Join us every week for a trip into the weird and wonderful world of trailers. Whether it’s the first teaser for the latest instalment in your favourite franchise, an obscure preview for a strange indie darling, whether it’s good, bad, ugly or just plain weird – your favourite pop culture baristas are there to tell you what they think.

What better way to start the end-of-the-week post than with that most loveable of odd couples, Werner Herzog and Klaus Kinski? Definitely the guys you want to have with you if you need to build an opera house in the Amazon. Make sure not to miss Alan’s Six Damn Fine Degrees post on Fitzcarraldo!

Another of the week’s posts about an unmissable film is Matt’s latest in his series on Federico Fellini.

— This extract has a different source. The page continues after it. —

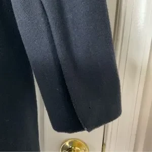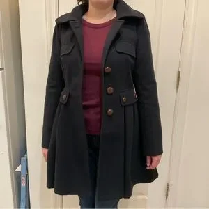 Dahlia navy coat with flattering skirt cut and brown buttons. Women’s size medium. It is missing one button on one of the sleeves.
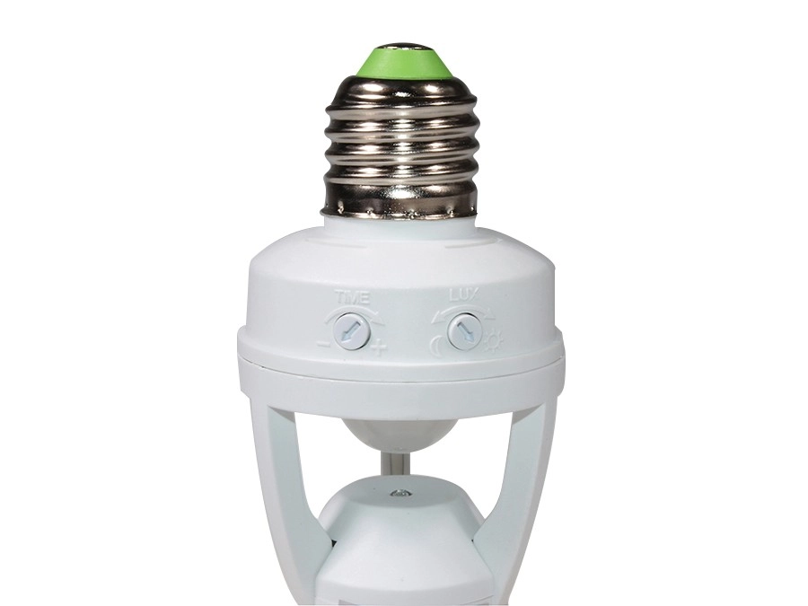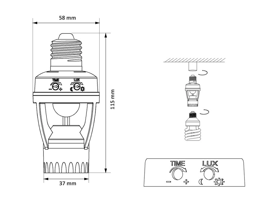 Instalacja zajmuje kilka minut: po prostu wkręć do istniejącego gniazda E27 i włóż żarówkę. Za pomocą pokręteł łatwo ustawisz czas podtrzymania (TIME) oraz próg oświetlenia (LUX). Czujnik wykorzystuje detekcję podczerwieni (PIR) i niezawodnie rozpoznaje dzień/noc, oszczędzając energię i koszty.

If you haven’t seen it already, do put Nights of Cabiria on your list!

And what else is there on offer in trailer land?

Mege: Why? Why? Why does Jonathan Glazer‘s Sexy Beast need a prequel? Characters, when they are well-written, spring to life within minutes. And Jonathan Glazer may have a limited output, but has not yet made even a mediocre movie. So why did they think a series with second-tier actors would be the way to go? What does the series have to add to the story or to the atmosphere?

Sam: My anticipation of Ripley has sharply increased since talking to Matt just recently about all Tom Ripley film adaptations, from Plein Soleil to Ripley’s Game, and now this teaser trailer dropping: Andrew Scott is taking over Patricia Highsmith’a famous character in this belated miniseries, now to be released on Netflix, with Johnny Flynn playing first victim Dickie Greenleaf and Dakota Fanning starring as Marge Sherwood, the woman who becomes increasingly suspicious of Tom’s doings. Director Steven Zaillian (screenwriter of Moneyball and The Irishman) present a starkly black-and-white vision of Ripley scheming, imitating and sleuthing in the dark corners and alleys of Venice, Rome and Naples, only to make the Italian sun-kissed shores look all the more blinding and delirious. How far will Ripley’s tale go? Hopefully far beyond the first novel and to his later cold professionalism between France, West Germany and England — Andrew Scott would certainly be perfect casting then!

Matt:Whether backward or forward, I bounced right off of Tenet when it came out. Is this perhaps the time to give it a second chance? (I hear we do these regularly here at A Damn Fine Cup of Culture.) I know that regular guest and damn fine friend of the site, Dan Thron (of Martini Giant) didn’t like it all that much at first and now loves it – and there are definitely worse recommendations for a film than that.